卓一眼前一亮,惊喜道:“什么?”
“喏。”冯春生抬抬下巴,指着这只狼道:“他在偷偷养宠物。”
要不是怕打不过他,卓一真的要爆锤她一顿。这种气血翻涌哽在喉头的感觉,好像内伤攻心,随时会死。
“算了,差不多得了,我困了,想回去睡觉了。”冯春生打个呵欠,突然一跃,足尖轻踏狼头便跃出山洞。
卓一四下张望一番,由于洞内很深,光线委实太暗,他除却一团漆黑外什么也看不到。又担心冯春生真的先走了,自己又找不到回去的路,当下也只好放弃了查看的念头紧追其后。
母狼甩下幼崽,刚要嚎叫就被冯春生一拳爆头。“别瞎叫,待会儿唐欢回来了怎么办?”
卓一干瞪眼半晌,原本准备责备她率先而逃的话就这么咽了下去。这个少年,不按常理出牌啊。
两人在山路上告别,疏影横斜,月色皎洁。卓一挥挥手,笑道:“终于可以大口呼吸了,方才在山洞里差点没把我熏死。”
冯春生提步的脚微微一顿,拾阶而上。

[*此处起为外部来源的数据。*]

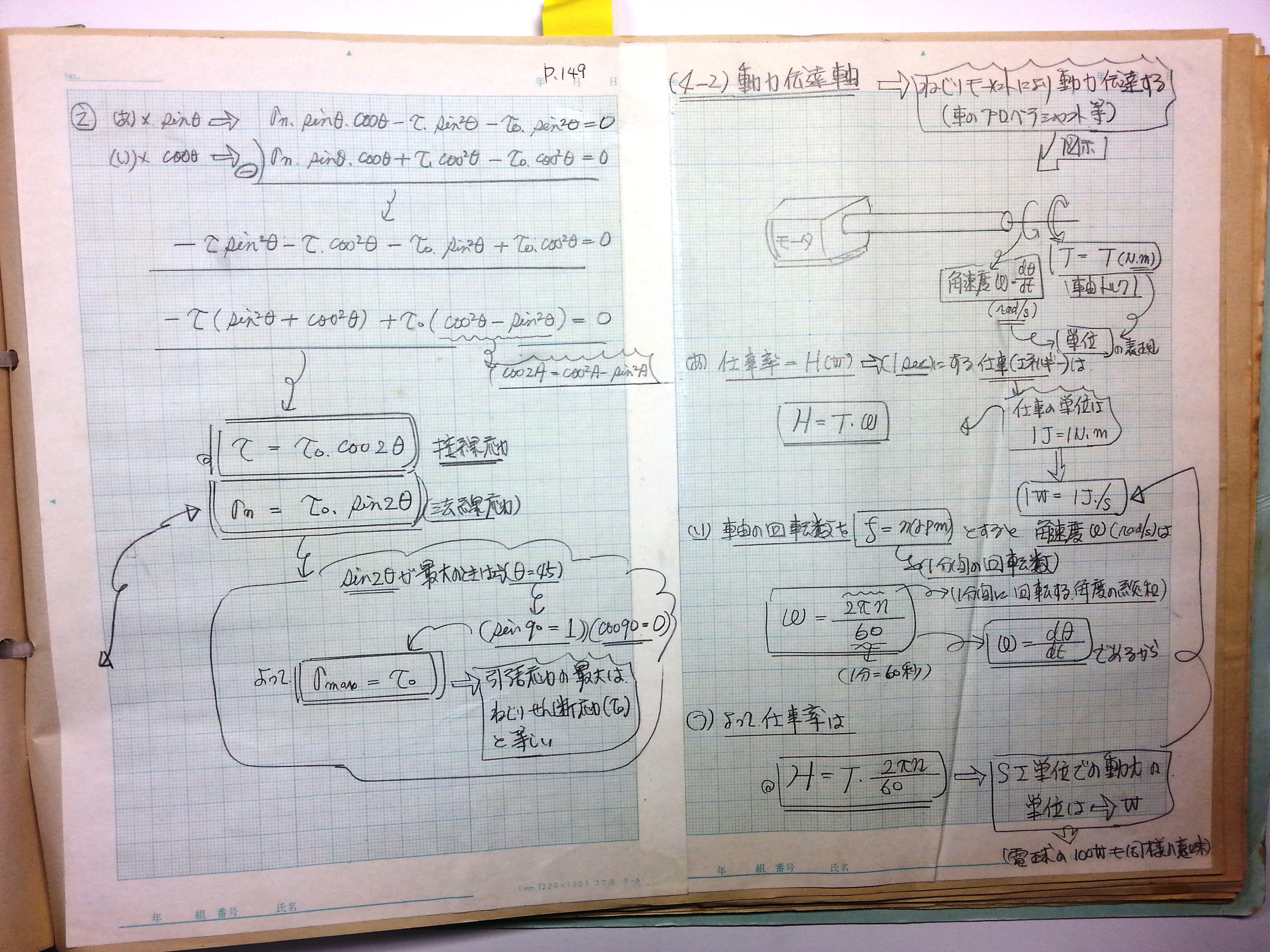 動力伝達軸 → ねじりモーメントにより動力伝達する(車のプロペラシャフト等)

忽地转身,两人隔着几步的落差,她道:“唐欢此人在江湖中的风评如何?”
“很怪异,武功高强。喜爱交友,性子爽朗,但总归是心狠手辣吧。不然唐寄也不会叛出后一直不敢露面了,对自己的堂兄弟姐妹,侄子婶子之类的,管束颇严厉。曾经血洗过一个庶系,原因不明。但,就像我以前说的那样,又很长情,发妻病故后就没有续娶。”卓一摸着下巴总结,“许是传的乱了,这么精分,神经病一个嘛。”